The very first thing I do when I see a rational function, like #(x^2+3x-18)/(x^2-36)# is to factor. Factoring breaks down a problem and allows me to see the components of it and maybe even lets me simplify the problem. For this one, after factoring it, we get #((x-3)(cancel(x+6)))/((x-6)(cancel(x+6)))#. Now, the #x+6#s cancel out (that means that #0=x+6# or #x=-6# is a hole, BTW), which leaves us with #(x-3)/(x-6)#.
There are a few things that we can learn from this. One is that the vertical asymptote is #0=x-6#, or #x=6#.We know this because an asymptote is a value that the function can get very very close to but can never equal. The reason why is that that value will make the equation divide by zero, which can never happen.

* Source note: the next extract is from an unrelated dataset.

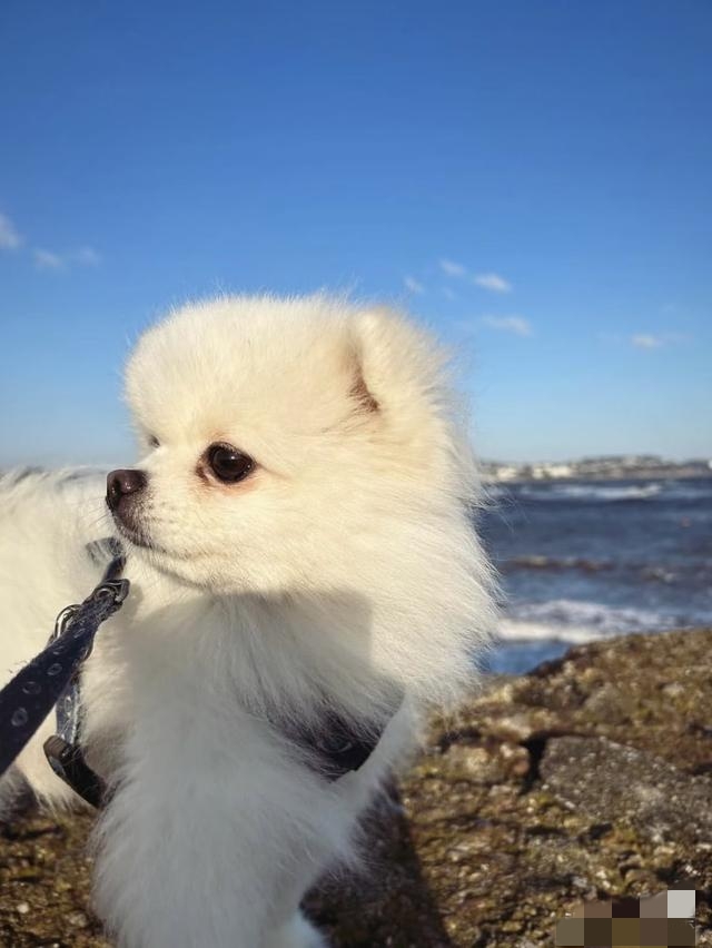 她的宠物狗,一只白色博美,蹲在海边的礁石上。圣诞甜点桌上摆着粉色苹果酥和小雪人巧克力。节日气氛浓厚。

Because #6# is the value that makes #x=0#, #x# can never equal that.
Another thing that we can learn is the horizontal asymptote. Now, when the "power" or exponents are equal, like right now, then the horizontal asymptote is equal to the ratio of the coefficients, which in this case is #1/1#, or just #1#. If there is a higher power on bottom than on top then the horizontal asymptote is #y=0#. In the cases where the numerator is higher than the denominator, then there is no asymptote.
The only time that there is an oblique (slant) asymptote is when the numerator is a higher power than the denominator, which does not occur in this case.
So, the vertical asymptote is #x=6#, the horizontal asymptote is #y=1#, and there is no oblique asymptote, and there's a hole at #x=-6#. Let's graph the equation and see if we're right.
graph{(x^2+3x-18)/(x^2-36)}
And we were! Nice job!